Below is a listing. Return the lines from the one that contains "The development goal" to the one that contains "メディアウォールが設置されて", both ends included, verbatim and with no pictures.

*Listed entries*.

+--

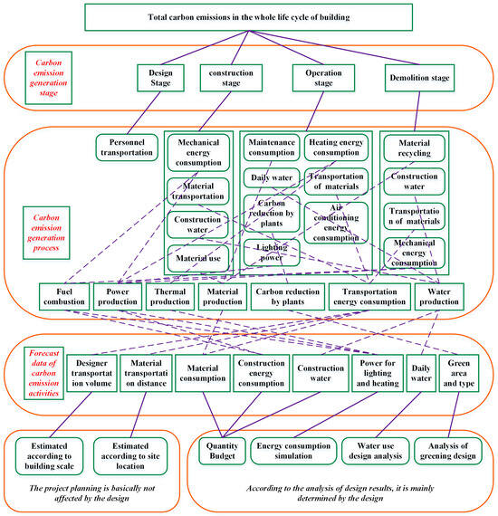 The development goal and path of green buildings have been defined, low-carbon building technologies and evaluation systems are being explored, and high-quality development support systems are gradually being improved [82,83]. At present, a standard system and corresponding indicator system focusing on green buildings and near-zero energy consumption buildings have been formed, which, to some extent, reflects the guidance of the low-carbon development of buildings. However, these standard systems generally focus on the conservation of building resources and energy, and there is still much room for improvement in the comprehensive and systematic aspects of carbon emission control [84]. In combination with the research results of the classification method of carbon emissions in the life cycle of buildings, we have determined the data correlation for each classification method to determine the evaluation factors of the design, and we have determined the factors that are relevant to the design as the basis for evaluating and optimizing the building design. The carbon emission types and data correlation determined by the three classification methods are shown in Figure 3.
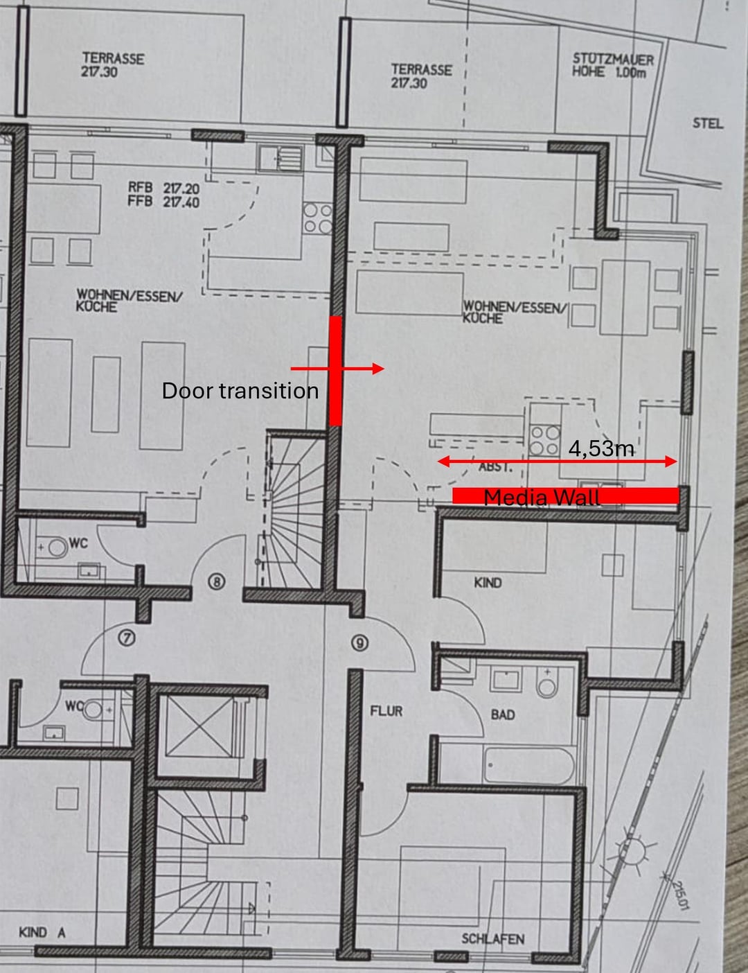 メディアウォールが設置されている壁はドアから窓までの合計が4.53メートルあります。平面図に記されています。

+--

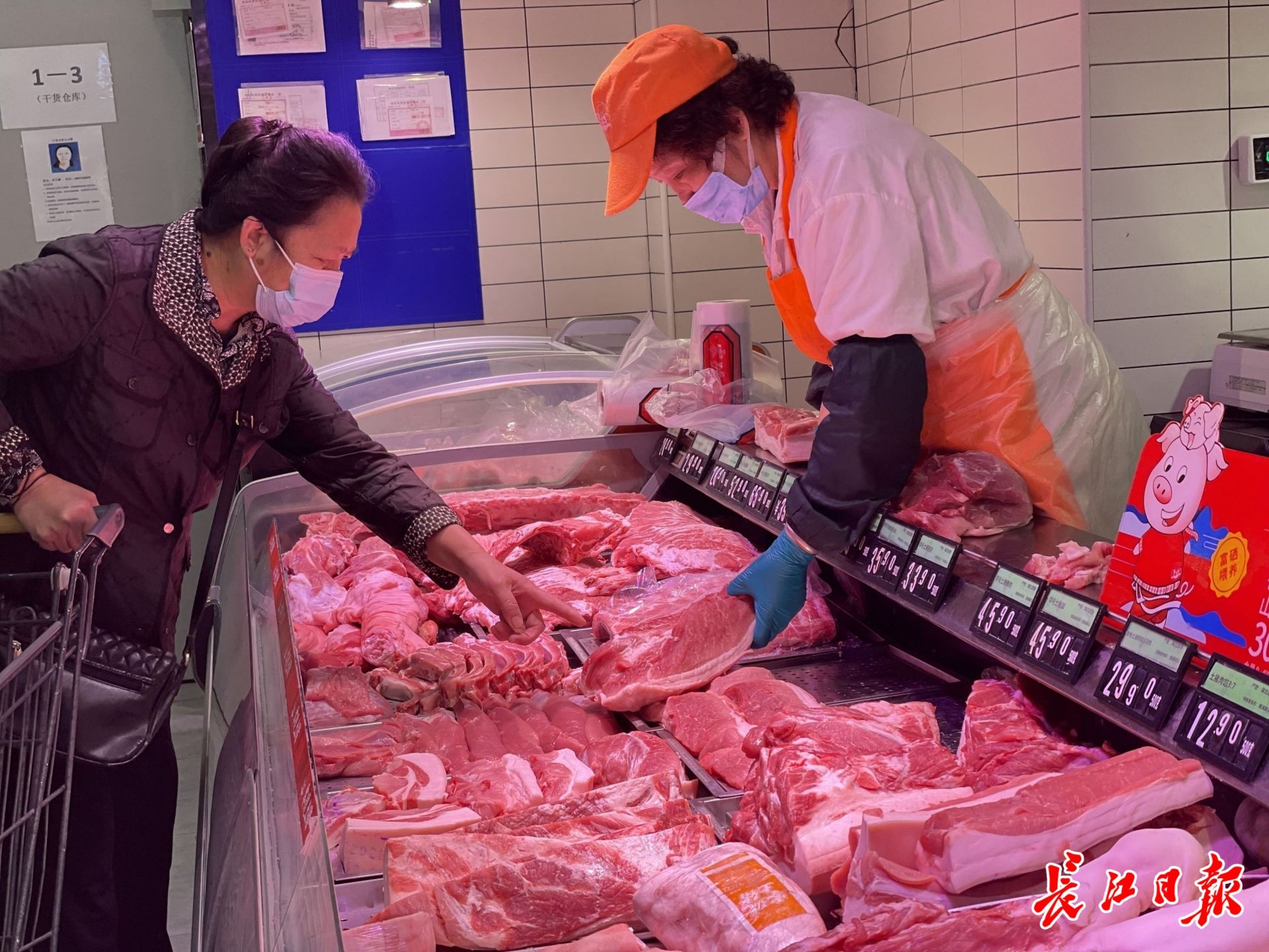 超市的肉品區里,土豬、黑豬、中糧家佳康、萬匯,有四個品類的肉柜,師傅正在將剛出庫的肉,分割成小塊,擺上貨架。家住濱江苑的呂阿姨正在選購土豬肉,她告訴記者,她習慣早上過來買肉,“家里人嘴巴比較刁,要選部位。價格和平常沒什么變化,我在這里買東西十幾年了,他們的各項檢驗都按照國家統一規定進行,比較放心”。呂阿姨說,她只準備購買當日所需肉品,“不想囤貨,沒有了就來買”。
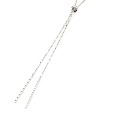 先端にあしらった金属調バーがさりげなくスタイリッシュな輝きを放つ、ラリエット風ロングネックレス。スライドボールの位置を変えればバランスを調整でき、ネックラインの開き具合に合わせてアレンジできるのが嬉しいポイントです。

+--

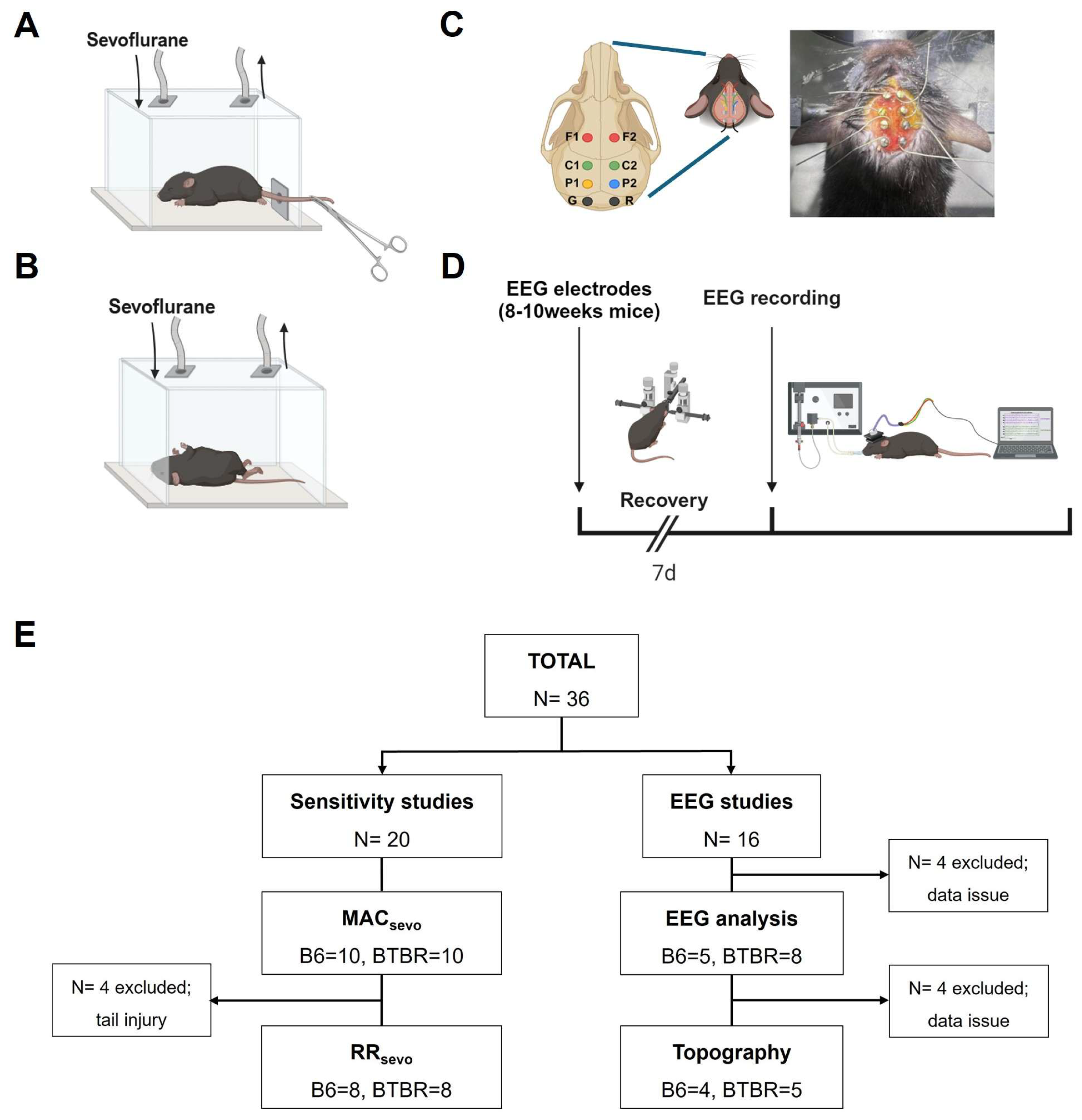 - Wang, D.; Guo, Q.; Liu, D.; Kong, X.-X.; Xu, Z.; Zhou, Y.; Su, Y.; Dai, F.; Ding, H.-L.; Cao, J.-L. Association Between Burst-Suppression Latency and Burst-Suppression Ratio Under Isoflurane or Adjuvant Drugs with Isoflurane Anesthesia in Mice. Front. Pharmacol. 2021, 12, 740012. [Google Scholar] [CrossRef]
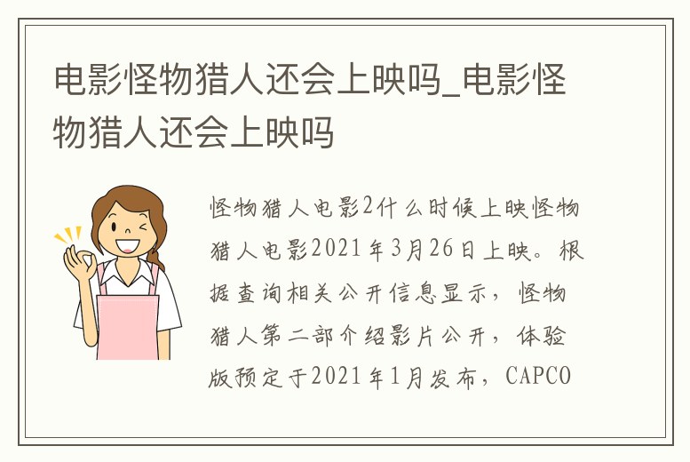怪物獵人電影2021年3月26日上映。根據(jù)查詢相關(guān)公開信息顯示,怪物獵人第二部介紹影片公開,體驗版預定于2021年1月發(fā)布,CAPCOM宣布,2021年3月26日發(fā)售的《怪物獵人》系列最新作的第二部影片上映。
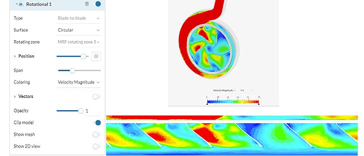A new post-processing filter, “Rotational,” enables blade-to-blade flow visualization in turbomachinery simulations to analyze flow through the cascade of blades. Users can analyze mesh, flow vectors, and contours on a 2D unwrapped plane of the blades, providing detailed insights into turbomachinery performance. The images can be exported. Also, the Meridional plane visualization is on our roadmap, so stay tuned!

+--

*Output*.
 The development goal and path of green buildings have been defined, low-carbon building technologies and evaluation systems are being explored, and high-quality development support systems are gradually being improved [82,83]. At present, a standard system and corresponding indicator system focusing on green buildings and near-zero energy consumption buildings have been formed, which, to some extent, reflects the guidance of the low-carbon development of buildings. However, these standard systems generally focus on the conservation of building resources and energy, and there is still much room for improvement in the comprehensive and systematic aspects of carbon emission control [84]. In combination with the research results of the classification method of carbon emissions in the life cycle of buildings, we have determined the data correlation for each classification method to determine the evaluation factors of the design, and we have determined the factors that are relevant to the design as the basis for evaluating and optimizing the building design. The carbon emission types and data correlation determined by the three classification methods are shown in Figure 3.
 メディアウォールが設置されている壁はドアから窓までの合計が4.53メートルあります。平面図に記されています。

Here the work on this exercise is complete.